In 2011, Sellars directed a production of John Adams's opera Nixon in China for New York's Metropolitan Opera. In summer 2011 he directed the opera Griselda at the Santa Fe Opera in Santa Fe, New Mexico. Sellars wrote the libretto for Adams's opera Girls of the Golden West.

In the early 2010s, Sellars directed the staging of the Bach St. Matthew Passion and St. John Passion with the Berlin Philharmonic and Rundfunkchor, in collaboration with Sir Simon Rattle and Simon Halsey.

In 2019, Sellars gave the keynote address at the Salzburg Festival. It coincided with his staging of Mozart's Idomeneo, conducted by Teodor Currentzis. Sellars is a professor at the University of California Los Angeles. In 2021, Sellars donated his archive to the Getty Research Institute.

==Reception==
Sellars was criticized for straying too far from composers' intentions in 1997 by György Ligeti.

In 1998, Sellars was awarded the Erasmus Prize for "combining in his original creations the European and American cultural traditions". In 2001, he was awarded the Harvard Arts Medal. In 2005, Sellars was awarded The Dorothy and Lillian Gish Prize, given annually to "a man or woman who has made an outstanding contribution to the beauty of the world and to mankind's enjoyment and understanding of life." In 2014, alongside Chuck Berry, Sellars was awarded the Polar Music Prize.

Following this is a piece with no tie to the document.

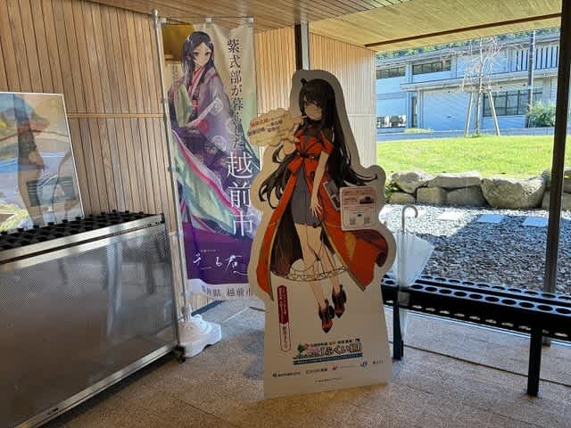 ふくいブランド大使の越美きららたんと今年の大河ドラマのヒロイン紫式部さんがお出迎え。

The German soprano Elisabeth Schwarzkopf said of Sellars, "I have seen what he has done, and it is criminal. As my husband used to say, so far no one has dared go into the Louvre Museum to spray graffiti on the Mona Lisa, but some opera directors are spraying graffiti over masterpieces."

Sellars's long-time collaborator John Adams has called him an "intensely serious and sophisticated artist with the moral zeal of an abolitionist."

The Palestinian-American academic, literary critic and political activist Edward Said described Sellars as an "extraordinarily gifted man". In a 1989 review of Sellars's productions of Don Giovanni, Così fan tutte and The Marriage of Figaro, Said wrote that the "turns that Sellars rings on Mozart's courtly operas make you wonder why wooden delicacy and affectations of authenticity have satisfied us for so long. We learn through Sellars that they never did satisfy us, not just because their silly conventions leave Mozart untouched but also because they protect the laziness and incompetence of most opera companies." In 1996, Said characterized Sellars's Covent Garden staging of Hindemith's Mathis der Maler as "compelling and brilliant in conception" and "deliberately uncompromising in its appeal to a late-twentieth-century audience".